Preprints
https://doi.org/10.5194/egusphere-2026-2617
https://doi.org/10.5194/egusphere-2026-2617
11 Jun 2026
 | 11 Jun 2026
Status: this preprint is open for discussion and under review for Atmospheric Chemistry and Physics (ACP).

Classification and quantification of low-visibility events using deep learning over eastern China

Yuting Liang, Shitong Zhao, Dantong Liu, Changhao Wu, Li Yi, and Xingcan Jia

Abstract. Low-visibility events (LVEs) threaten transportation safety and human health, yet accurately identifying them at a regional scale remains challenging. To address this, this study introduces a unified convolutional neural network (CNN) framework that integrates the geostationary satellite, meteorology, and fine particulate matter (PM2.5) observation data to identify all types of LVEs.
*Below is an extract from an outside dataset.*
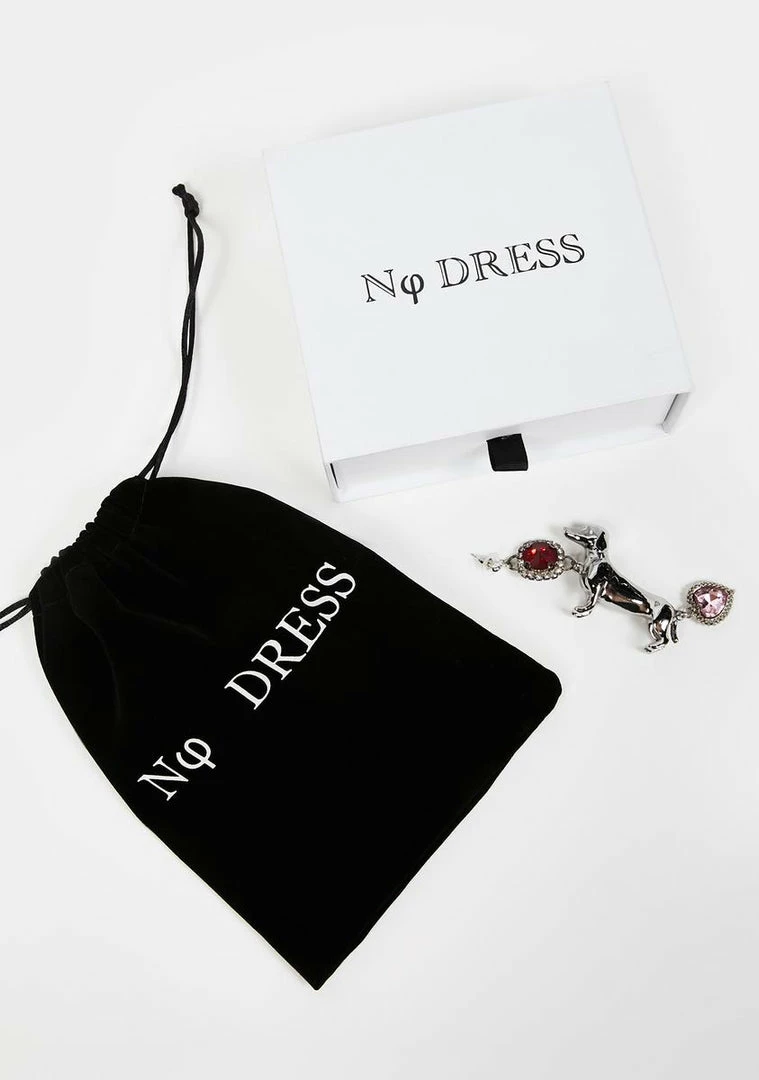 cuz youâre a glam animal. These rhinestone drop earrings have red and pink gemstones, dog charms, post back closures, and a logo branded storage pouch.

The model can not only produce the spatiotemporal distribution of LVEs, including land and sea fog, but also quantify the intensity of LVEs linked to visibility reduction. By incorporating PM2.5, the polluted fog-haze over land can be discriminated from clean fog. Based on the model, we are able to investigate the environmental policy to reduce fog-haze and the corresponding population exposure. Over eastern China, a 20% reduction of overall PM2.5 can reduce the fog-haze area by 42% in winter. However, the corresponding population exposure is reduced less effectively by 15%, because the most populated region collocates with the most polluted region, where a further reduction of PM2.5 by over 40% is required to effectively reduce its population exposure. Here, the classified and quantified LVEs, along with the established relationship with pollution, explicitly guide the air-quality policy for the co-benefits of improving air visibility and human health.
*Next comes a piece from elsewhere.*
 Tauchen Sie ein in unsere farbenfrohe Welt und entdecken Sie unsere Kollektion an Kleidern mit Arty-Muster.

Competing interests: Dantong Liu is an editor of ACP.

Publisher's note: Copernicus Publications remains neutral with regard to jurisdictional claims made in the text, published maps, institutional affiliations, or any other geographical representation in this paper. While Copernicus Publications makes every effort to include appropriate place names, the final responsibility lies with the authors. Views expressed in the text are those of the authors and do not necessarily reflect the views of the publisher.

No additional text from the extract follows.